▶ _ASSIGNMENT_:
Line by line, retype the material exactly and leave each picture out.

▶ _DATA_:
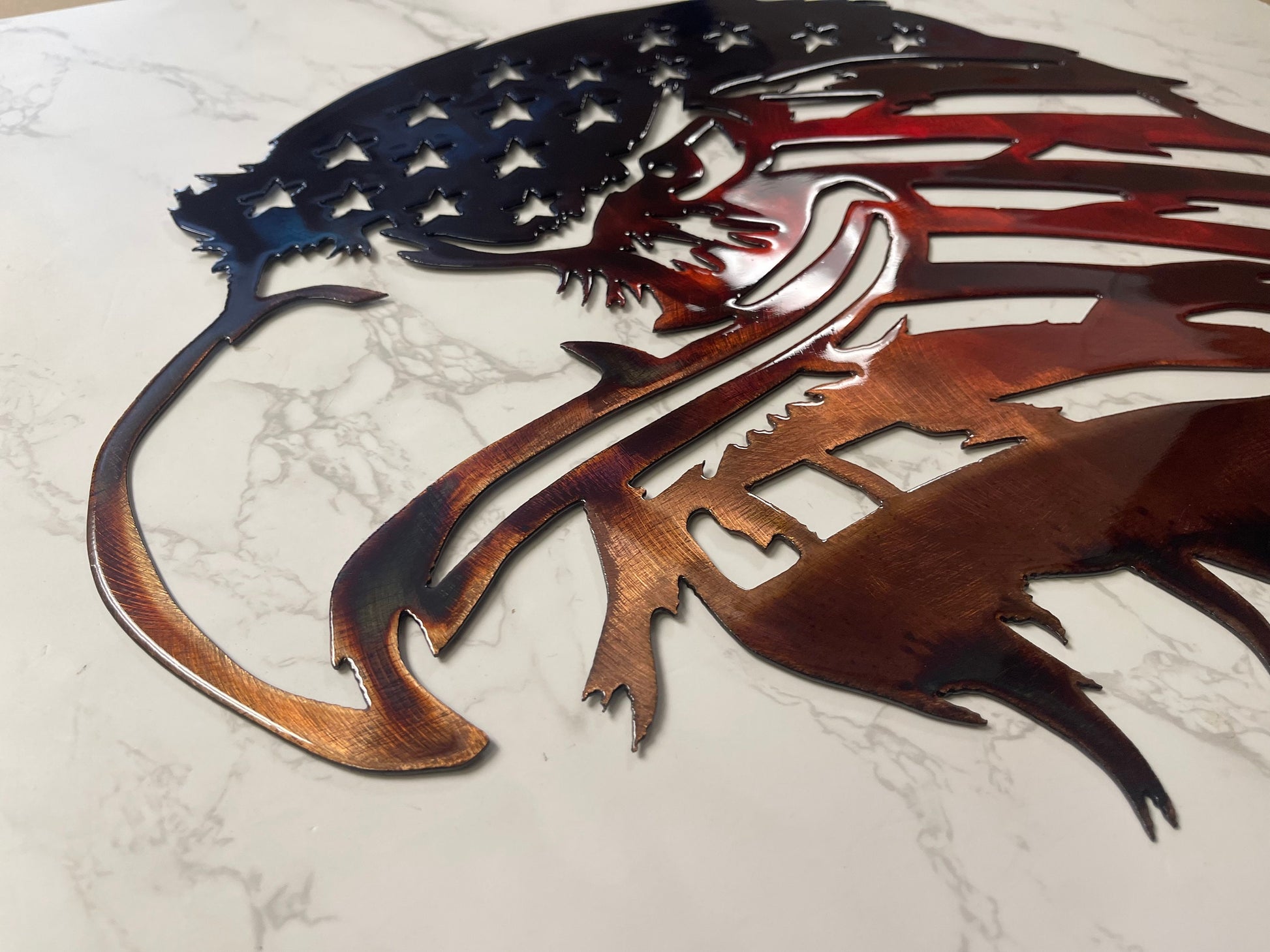 Crafted from durable mid-gauge sheet metal, this wall accent is built to stand the test of time while making a bold statement in your space. The piece features a captivating combination of copper and bronzed plating, adorned with a touch of blue and red tinging, truly bringing the stars and stripes to life.
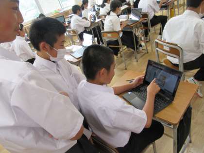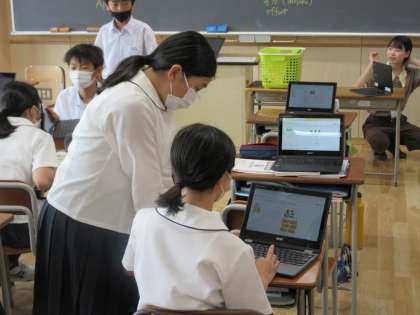 1−2では、今月末に外国からやってくる新たな仲間との出会いに向けて、英語の自己紹介カードを作成しています。
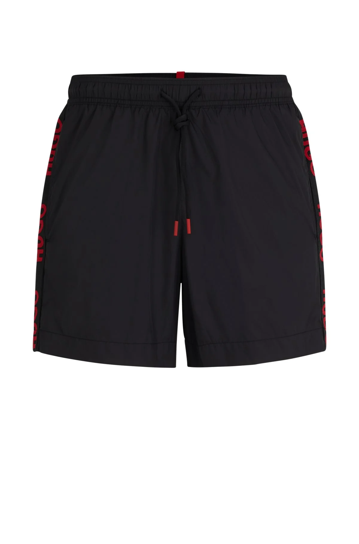 SIZE AND FIT The model wears a size M and is 6'0" tall with a, 34" chest, 27" waist and 36" hips. DETAILS FAB - 50500973 Signature swim shorts by HUGO. Featuring full lining, this sporty pair is trimmed with logo tape on the side seams. This product is created with polyamide made from pre- and post-consumer textile waste or industrial fishing nets. The aim of using materials is to save valuable resources. Elastic waistband Pockets bottom front: Side pockets Pockets bottom back: Patch pocket Medium length QUALITY & CARE INSTRUCTIONS Do Not Tumble Dry Machine Wash Cold Do Not Bleach Quality: 100% Polyamid, Lining: 100% Polyester, Inner lining: 100% Polyester Iron Low Heat Do Not Dry Clean
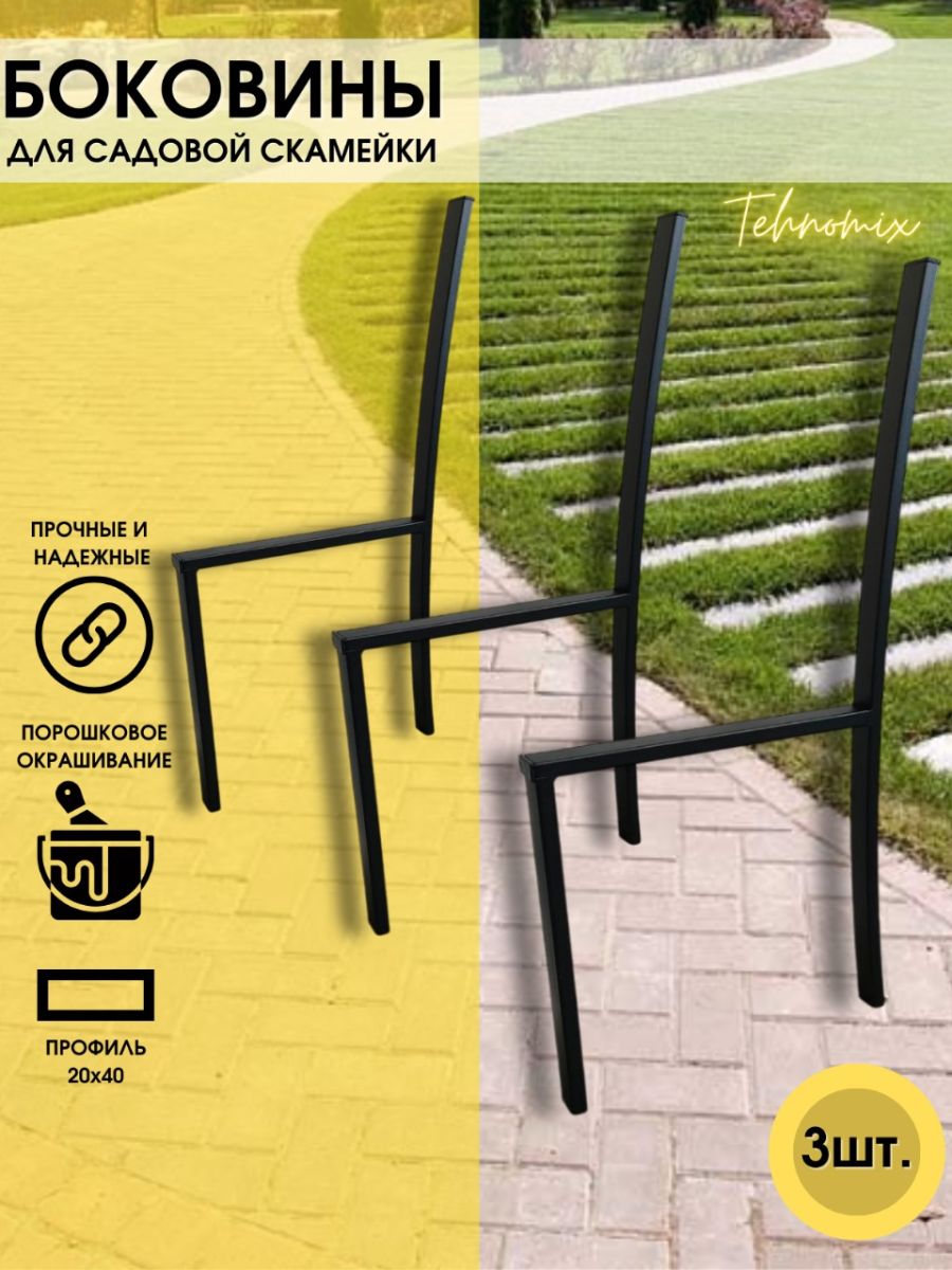 Боковины для скамейки для дачи и огорода со спинкой в классическом стиле. Прочный сварной металлический каркас из профильной трубы 40*20 мм. Покрыт полимерно-порошковой краской. Ножки и отверстия в каркасе закрыты пластиковыми заглушками.

▶ _RESPONSE AREA_:
 Crafted from durable mid-gauge sheet metal, this wall accent is built to stand the test of time while making a bold statement in your space. The piece features a captivating combination of copper and bronzed plating, adorned with a touch of blue and red tinging, truly bringing the stars and stripes to life.
 1−2では、今月末に外国からやってくる新たな仲間との出会いに向けて、英語の自己紹介カードを作成しています。
 SIZE AND FIT The model wears a size M and is 6'0" tall with a, 34" chest, 27" waist and 36" hips. DETAILS FAB - 50500973 Signature swim shorts by HUGO. Featuring full lining, this sporty pair is trimmed with logo tape on the side seams. This product is created with polyamide made from pre- and post-consumer textile waste or industrial fishing nets. The aim of using materials is to save valuable resources. Elastic waistband Pockets bottom front: Side pockets Pockets bottom back: Patch pocket Medium length QUALITY & CARE INSTRUCTIONS Do Not Tumble Dry Machine Wash Cold Do Not Bleach Quality: 100% Polyamid, Lining: 100% Polyester, Inner lining: 100% Polyester Iron Low Heat Do Not Dry Clean
 Боковины для скамейки для дачи и огорода со спинкой в классическом стиле. Прочный сварной металлический каркас из профильной трубы 40*20 мм. Покрыт полимерно-порошковой краской. Ножки и отверстия в каркасе закрыты пластиковыми заглушками.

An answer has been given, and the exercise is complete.